In some embodiments, the disclosed systems can be implemented at laboratory, pilot, or field scale to treat PFAS-contaminated soils generated as investigation-derived waste (IDW) from remediation activities, including those associated with Department of Defense sites and other PFAS-impacted locations. The approach enables direct treatment of soils or soil slurries without reliance on off-site incineration or disposal, thereby offering a scalable, cost-effective, and environmentally responsible solution for PFAS management.

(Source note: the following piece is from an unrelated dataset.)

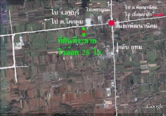 เป็นโฉนด 25 ไร่ อยู่ในเขต จ.ลพบุรี อ.พัฒนานิคม ต.ช่องสาริกา ใกล้เขื่อนป่าสักชลสิทธิ์

The systems and methods of the present disclosure can include the use of oxidants such as hydrogen peroxide or compressed air and alkaline additives such as sodium hydroxide or calcium hydroxide. By operating under reactor pressures at or above 2,000 psi and reactor temperatures at or above 350° C., the disclosed systems facilitate rapid oxidative decomposition of PFAS compounds within the soil matrix. In some embodiments, reaction conditions can be maintained within the supercritical region to promote complete mineralization of PFAS and maximize fluorine recovery.

FIG. 1 depicts a schematic diagram of a system 100 for the destruction of per- and polyfluoroalkyl substances (PFAS) in soil, in accordance with certain embodiments of the present disclosure. The system 100 can include a nitrogen gas cylinder 101 operable to purge air from the reactor and provide an initial gas cap pressure. A pressurization valve 102 and a pressure gauge 103 can be coupled to the nitrogen source (nitrogen gas cylinder 101) to regulate and monitor internal reactor pressure. The reactor vessel 106 of the system 100 can be equipped with an internal thermocouple reader 104 for temperature monitoring and an electrical heating coil 105 configured to maintain a uniform reaction temperature. The system 100 can further include a vent valve 107 to enable controlled release of gaseous products, which can be directed through a deionized-water impinger 108 that acts as a sink for volatiles and condensable species evolved during reactor depressurization and cooling.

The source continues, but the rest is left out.